Trent--I had not considered the FOID card number wrinkle--thanks for mentioning. I am not overly worried, I've had this sort of thing happen before minus the FOID info. Canceling FOID and CCW number in Illinois these days would be a nightmare requiring you to put on multiple sock puppet shows for low-level functionaries already ground down by the current political situation in the state. I'm holding off for now but please pass on any info you gleen---thanks! Mike B. (aka Neo-Luddite)
I'll call the state police on Monday, and get a verdict. Didn't have time today as I had to work two jobs, covering for another employee on vacation.
I don't *THINK* this will be enough to cause them to invalidate FOID's, but you never know.
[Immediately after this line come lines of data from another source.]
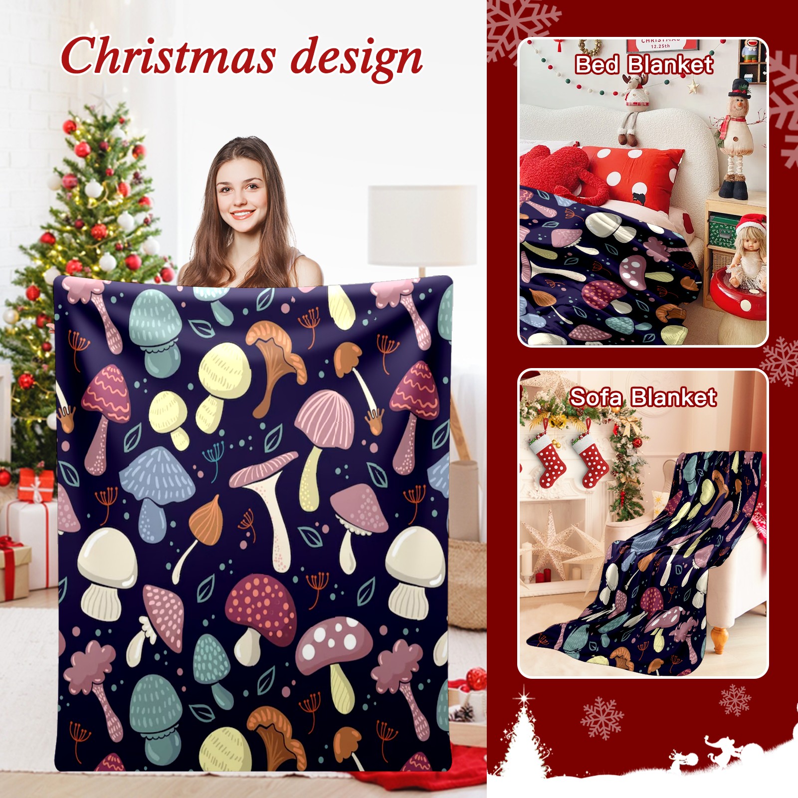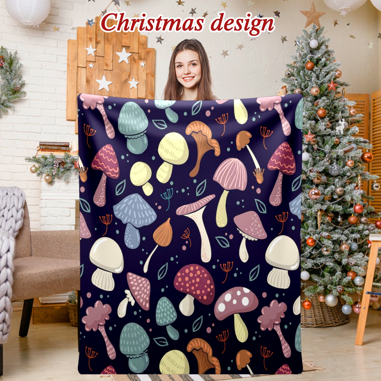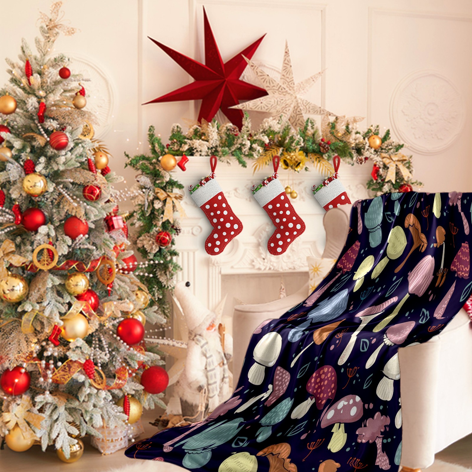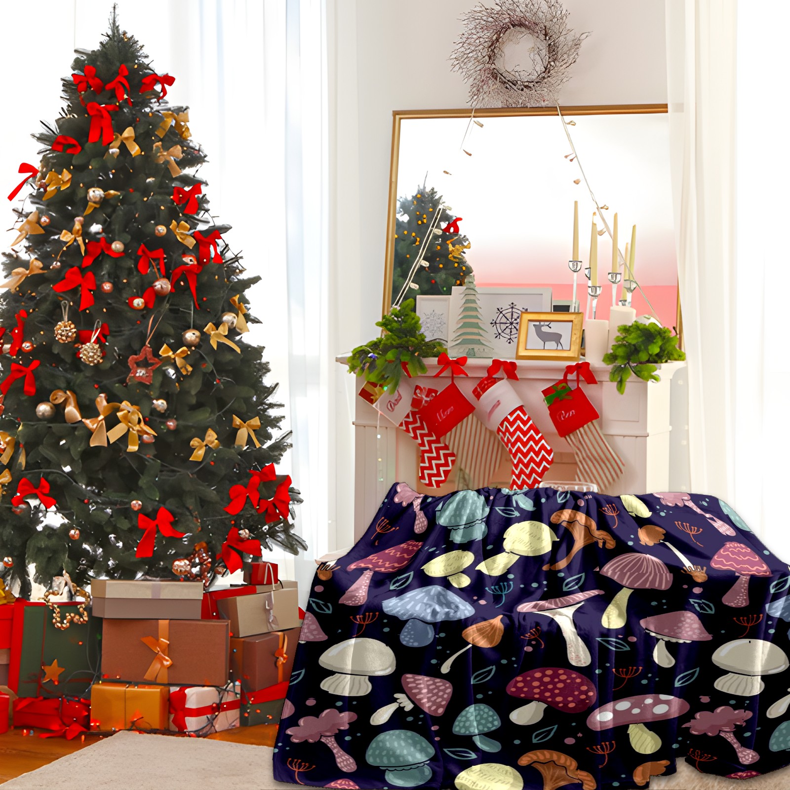 Премиальная фланелевая одеяло Navy Blue Colored Mushrooms
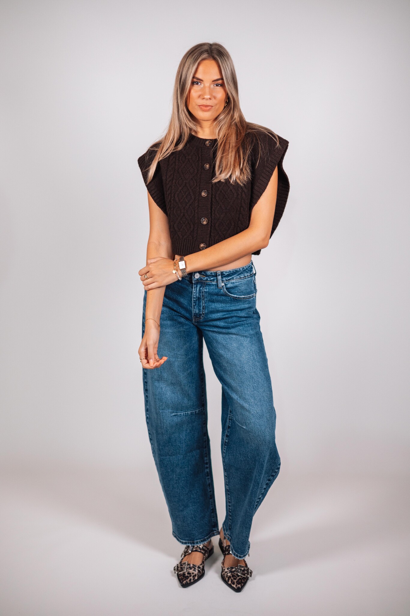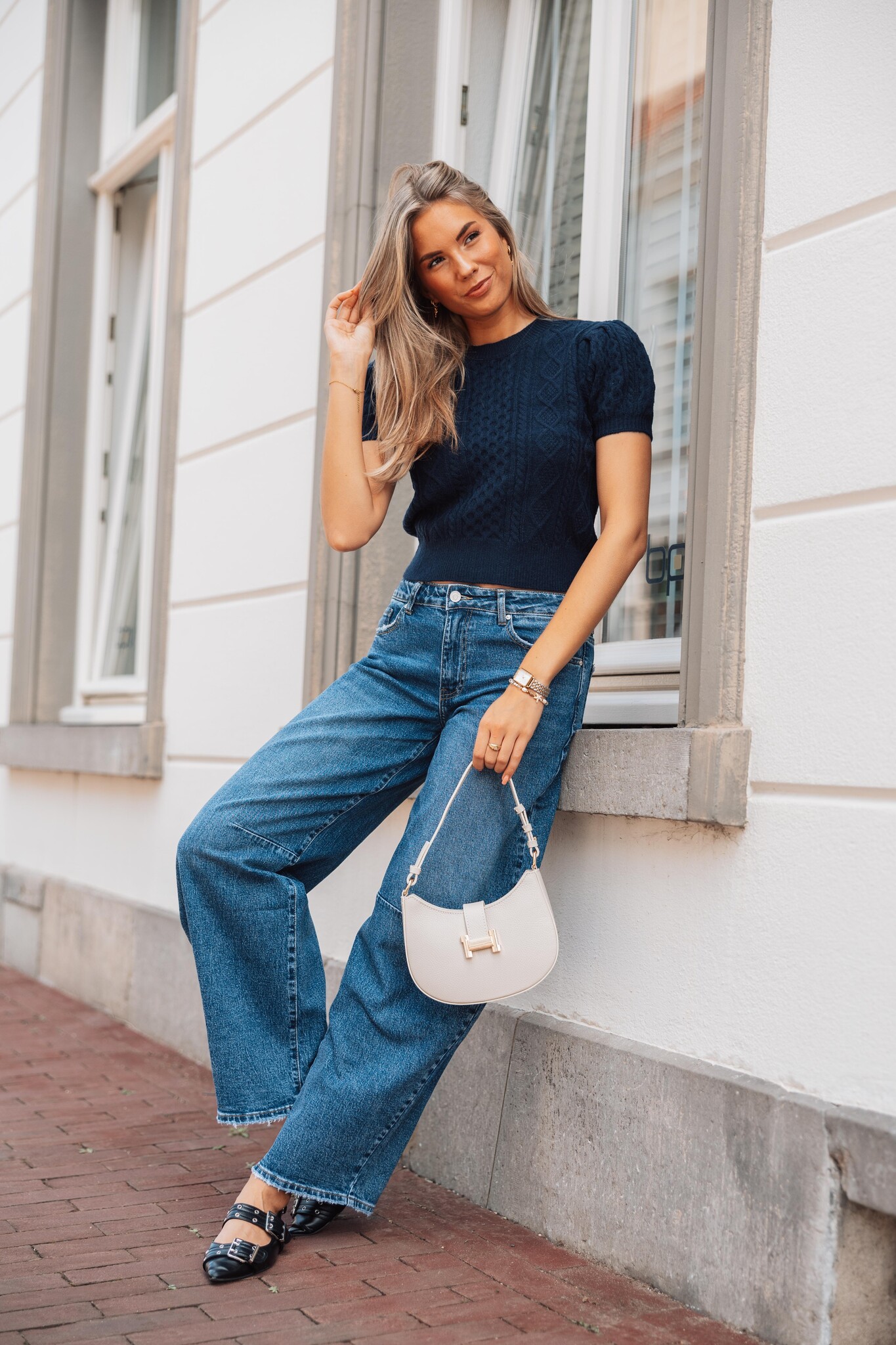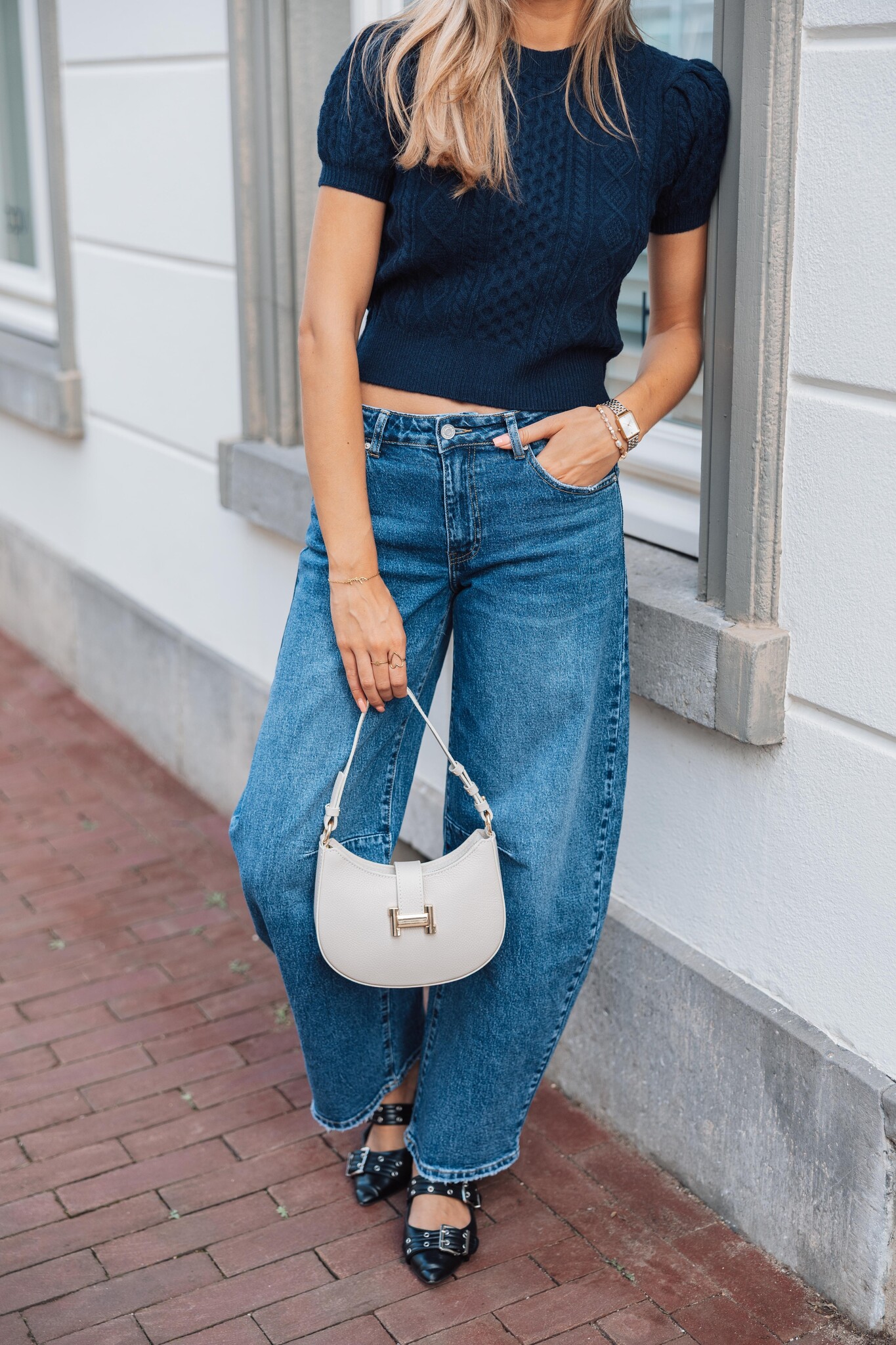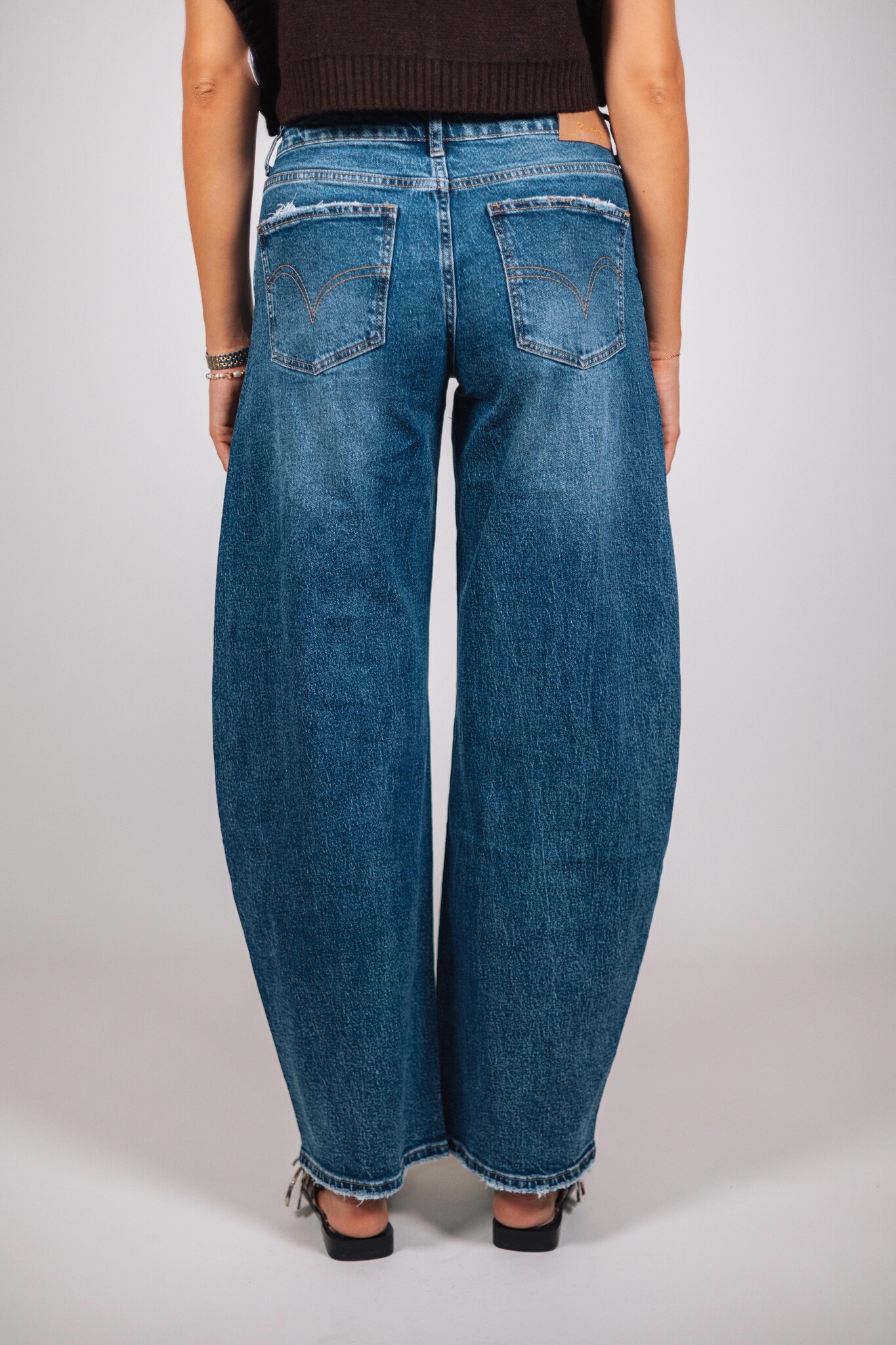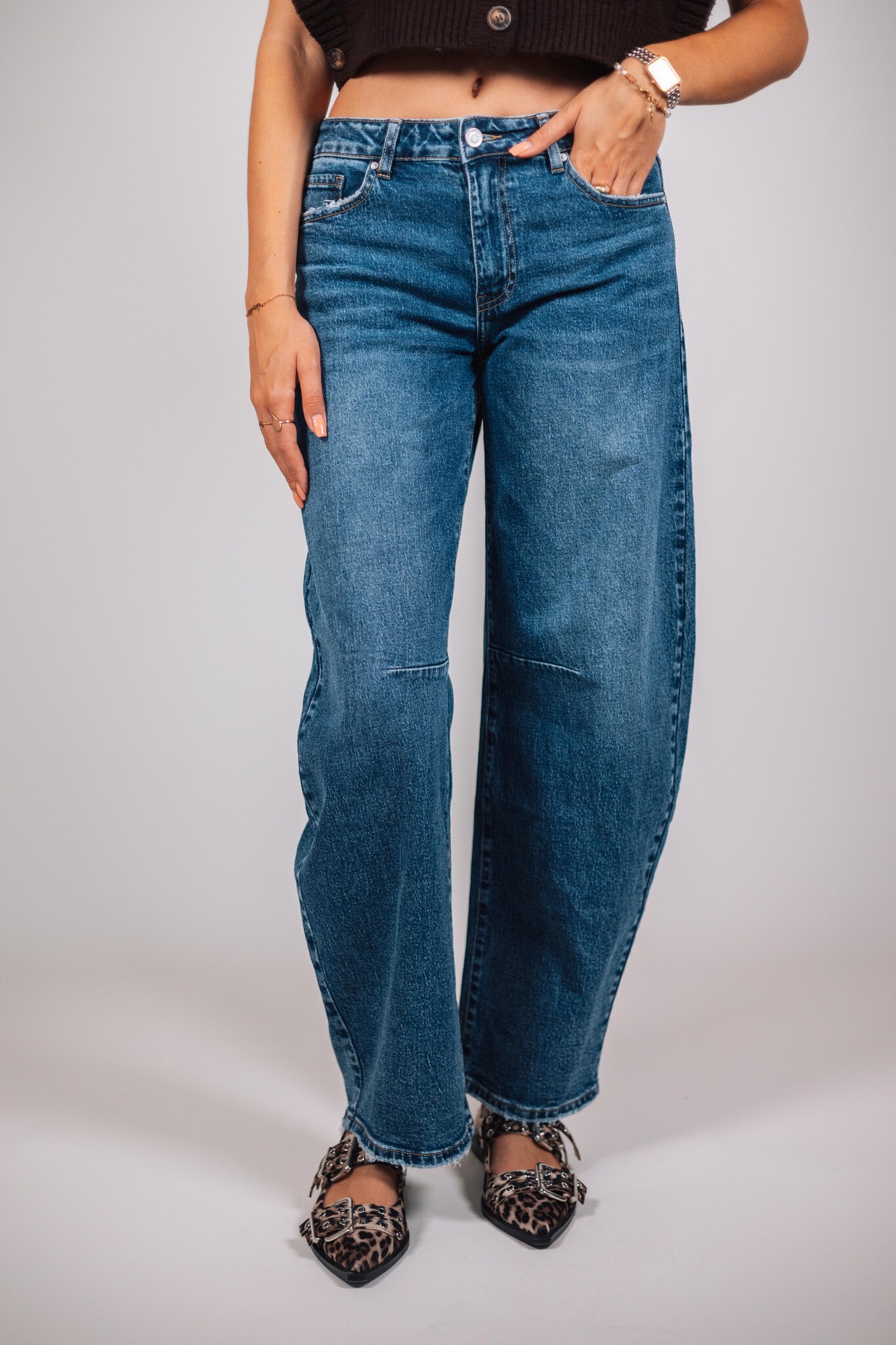 Deze jeans heeft een dark denim wassing, een mid-waist taille met riemlusjes en een balloon fit met stretch. We love this jeans trend!
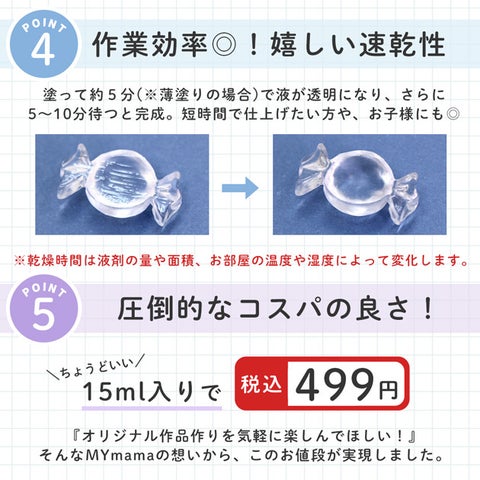 たっぷり15ml入りで税込499円という価格設定です。伸びが良い特性を持つため、少量で広範囲に塗布でき、長く使える点が魅力です。オリジナル作品づくりを気軽に楽しめる価格帯で提供します。
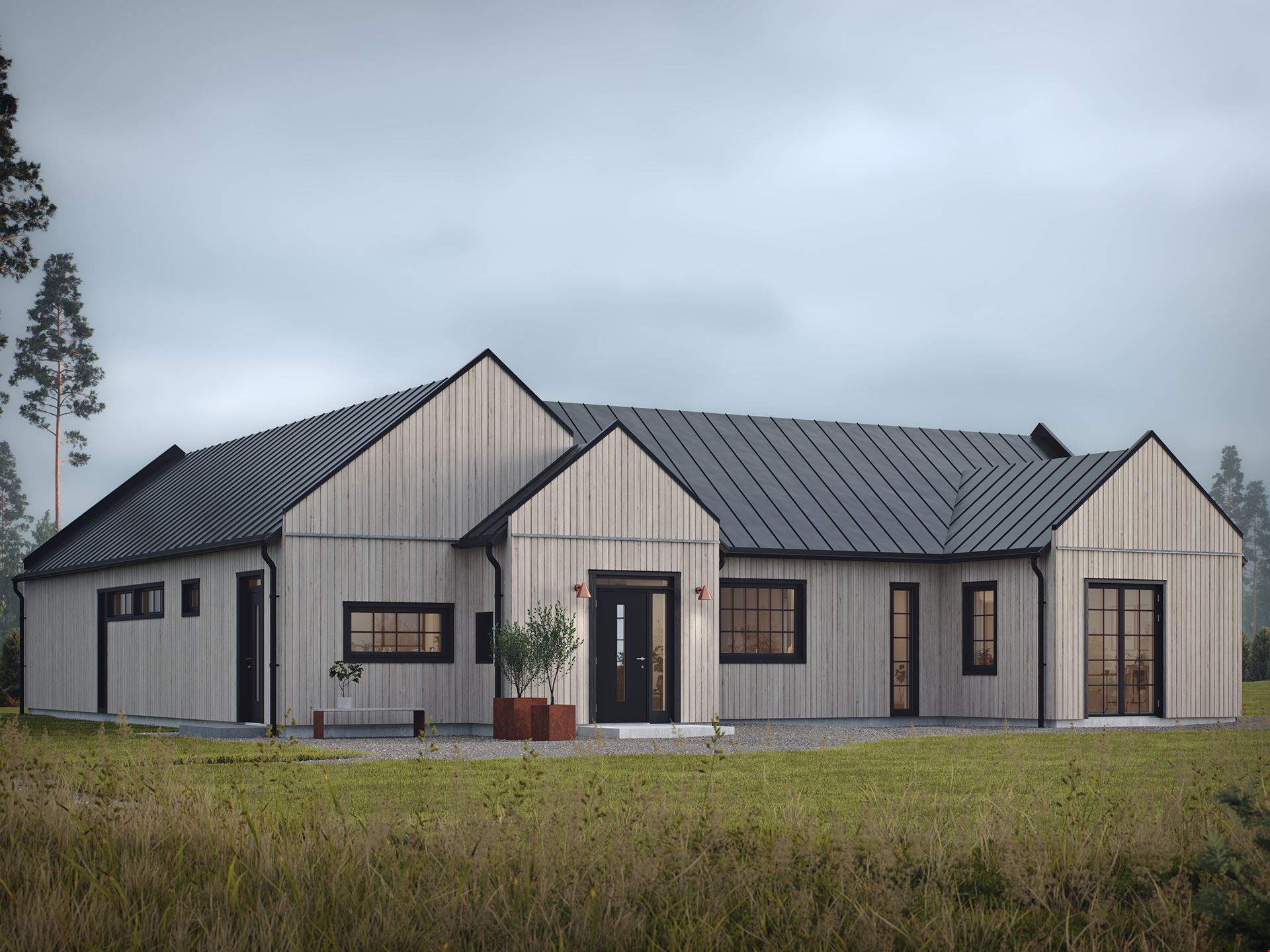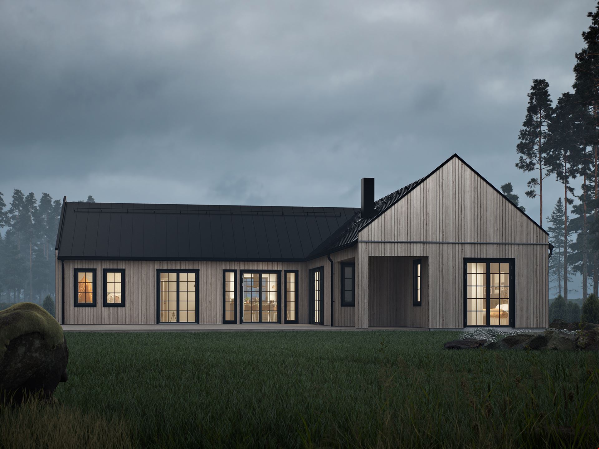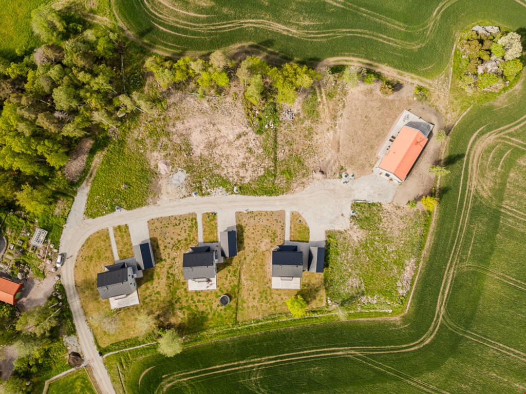 På denna tomt rekommenderar vi att du bygger något av våra 1-planshus. Förslagsvis modellen Nymåne, ett hus som är enkelt att anpassa efter en familjs specifika behov – både den mindre och lite större. Vinkelhusets stora glaspartier kommer släppa in ljuset och omgivningen och det öppna köket och vardagsrummet kopplas samman med en fri siktlinje.

FOID #'s are freely tossed about between people on private sales all day long, as now required by state law, as well as shown to anyone who asks at gunshows (private citizen or dealer). The only difference here is "someone we don't know" has our FOID # and expiration dates.
Well, heck, there's plenty of people I've known for all of 5 minutes have seen my FOID# and expiration date.
Yes, that personally identifiable information IS used to create accounts on the IL website for concealed carry licensing, BUT the only address that is going to get sent to is what is on your FOID. So even though they'll know your height, weight, etc to set up a digital IL identification, I don't think there's any risk of fraudulent concealed carry licenses being issued since they only ship those to the actual address on the card, with no exceptions.
Plus, you'd need the SSN to do anything on the Illinois websites using digital ID's. The height / weight / etc on the license is only an additional factor used to authenticate you. To properly exploit those systems you'd need the Drivers license (and/or FOID), PLUS SSN, which wasn't released.
Anyway, I hope to heck this doesn't cause a wrinkle with FOID, because if it does it'll be pretty damn expensive for folks with FCCL. FOID replacement is pretty cheap, but FCCL replacement, no so much. That's damned expensive!
Without SSN, hopefully there's nothing that will come of this, for anyone.
However, if the bad guys have SSN from another source (different hack such as healthcare.gov, US department of labor hack, any number of thousands of other commercial hacks, etc), it could spell big trouble as they'd not only have your SSN but ALSO every other bit of information they'd need correlated together, to do serious damage with identity theft, fraudulent tax returns, etc, etc.
To a group (Russian Mafia, Nigerians, Brazilians, Chinese, etc) who have turned hacking for profits in to a national industry, those images scraped off of AIM could turn in to a very big payday.